Data block:

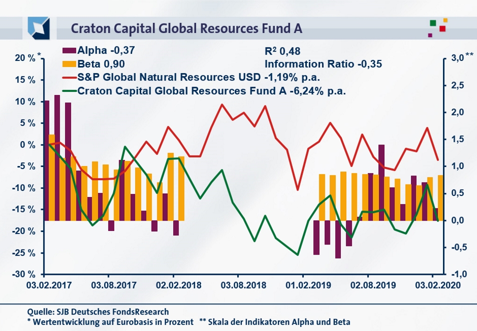 Per 03. Februar 2020 hat der Craton Capital Global Resources Fund über drei Jahre eine kumulierte Wertentwicklung von -17,59 Prozent in Euro aufzuweisen. Dies entspricht einer Rendite von -6,24 Prozent p.a. und demonstriert, wie problematisch die Aktienmärkte der letzten Jahre für Rohstofftitel waren. Auch der SJB-Vergleichsindex kommt nicht umhin, mit einer Performance im negativen Bereich aufzuwarten: Der S&P Global Natural Resources Index hat im selben Zeitraum eine Wertentwicklung von -3,52 Prozent bzw. eine Jahresrendite von -1,19 Prozent auf Eurobasis zu verzeichnen. Beim Wechsel auf den kurzfristigen Betrachtungshorizont stellt sich das Szenario ähnlich dar – sowohl das FondsProdukt als auch die Benchmark liegen mit ihrer Rendite „unter Wasser“. Doch diesmal gelingt es FondsManager Bachmann, die bessere Wertentwicklung als der Referenzindex zu erwirtschaften: Über ein Jahr generiert der Craton-Fonds eine nur hauchdünn negative Performance von -0,19 Prozent in Euro, während der globale S&P-Rohstoffaktienindex mit einem noch schwächeren Ergebnis von -2,61 Prozent aufwartet. Kurzfristig erreicht der Marktstratege eine Mehrrendite zum Vergleichsindex, längerfristig liegt er merklich im Hintertreffen. Da der Performancezeitraum über drei Jahre schwerer wiegt, erreicht das Craton-Produkt insgesamt nur den zweiten Platz im Renditevergleich – wie wirkt sich dies auf die Alpha-Werte aus?
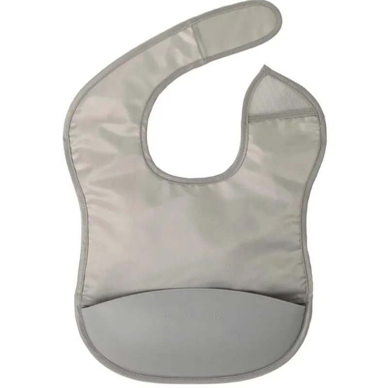 - Large flip pocket stays open to catch spills and food
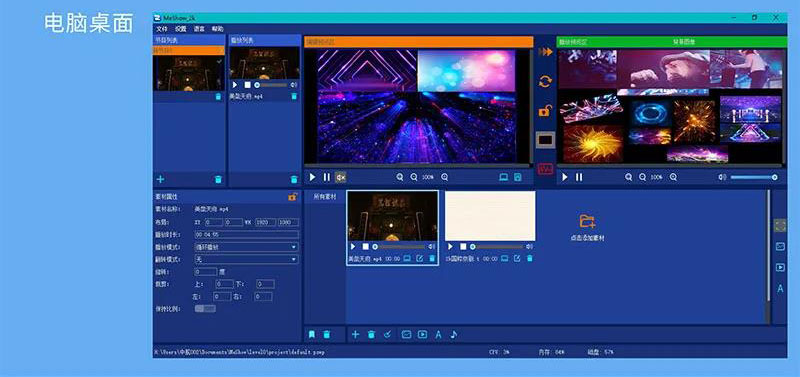 ·支持素材屬性調(diào)節(jié):如:位置、大小角度等;
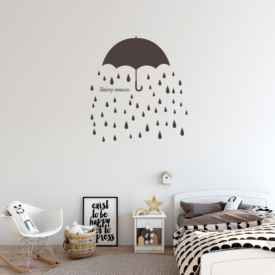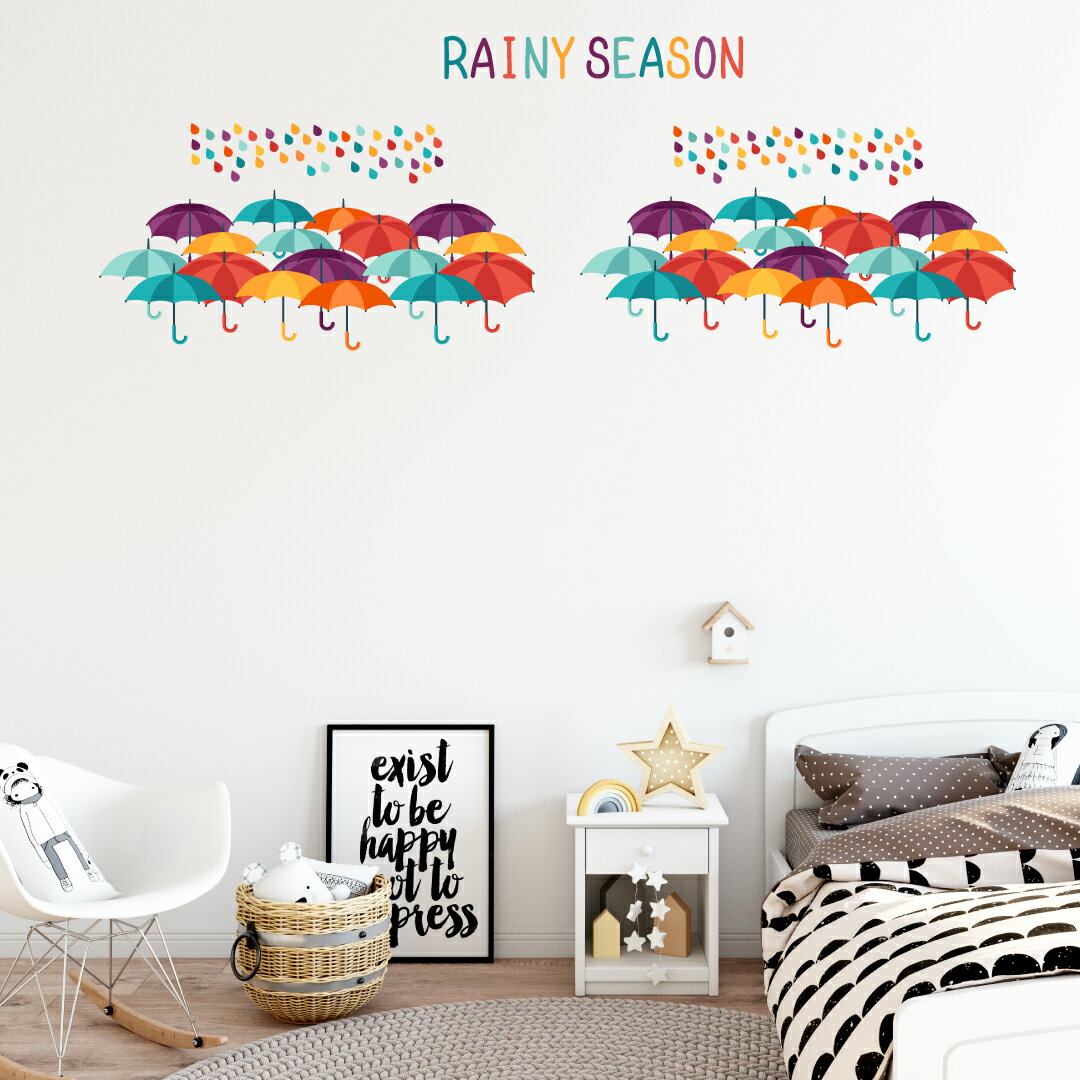 3sizeから選べる!梅雨☆シール式ウォールステッカー 雨 rainy day rainy season 傘 カラフル 飾り 装飾 おしゃれ 壁紙 剥がせる DIY プチリフォーム パーティ 賃貸 190×427mm 390×877mm 590×1327mm Ssize Msize Lsize 016351

To do: All of the data gets printed again exactly; the pictures do not.

Answer section:
 Per 03. Februar 2020 hat der Craton Capital Global Resources Fund über drei Jahre eine kumulierte Wertentwicklung von -17,59 Prozent in Euro aufzuweisen. Dies entspricht einer Rendite von -6,24 Prozent p.a. und demonstriert, wie problematisch die Aktienmärkte der letzten Jahre für Rohstofftitel waren. Auch der SJB-Vergleichsindex kommt nicht umhin, mit einer Performance im negativen Bereich aufzuwarten: Der S&P Global Natural Resources Index hat im selben Zeitraum eine Wertentwicklung von -3,52 Prozent bzw. eine Jahresrendite von -1,19 Prozent auf Eurobasis zu verzeichnen. Beim Wechsel auf den kurzfristigen Betrachtungshorizont stellt sich das Szenario ähnlich dar – sowohl das FondsProdukt als auch die Benchmark liegen mit ihrer Rendite „unter Wasser“. Doch diesmal gelingt es FondsManager Bachmann, die bessere Wertentwicklung als der Referenzindex zu erwirtschaften: Über ein Jahr generiert der Craton-Fonds eine nur hauchdünn negative Performance von -0,19 Prozent in Euro, während der globale S&P-Rohstoffaktienindex mit einem noch schwächeren Ergebnis von -2,61 Prozent aufwartet. Kurzfristig erreicht der Marktstratege eine Mehrrendite zum Vergleichsindex, längerfristig liegt er merklich im Hintertreffen. Da der Performancezeitraum über drei Jahre schwerer wiegt, erreicht das Craton-Produkt insgesamt nur den zweiten Platz im Renditevergleich – wie wirkt sich dies auf die Alpha-Werte aus?
 - Large flip pocket stays open to catch spills and food
 ·支持素材屬性調(diào)節(jié):如:位置、大小角度等;
 3sizeから選べる!梅雨☆シール式ウォールステッカー 雨 rainy day rainy season 傘 カラフル 飾り 装飾 おしゃれ 壁紙 剥がせる DIY プチリフォーム パーティ 賃貸 190×427mm 390×877mm 590×1327mm Ssize Msize Lsize 016351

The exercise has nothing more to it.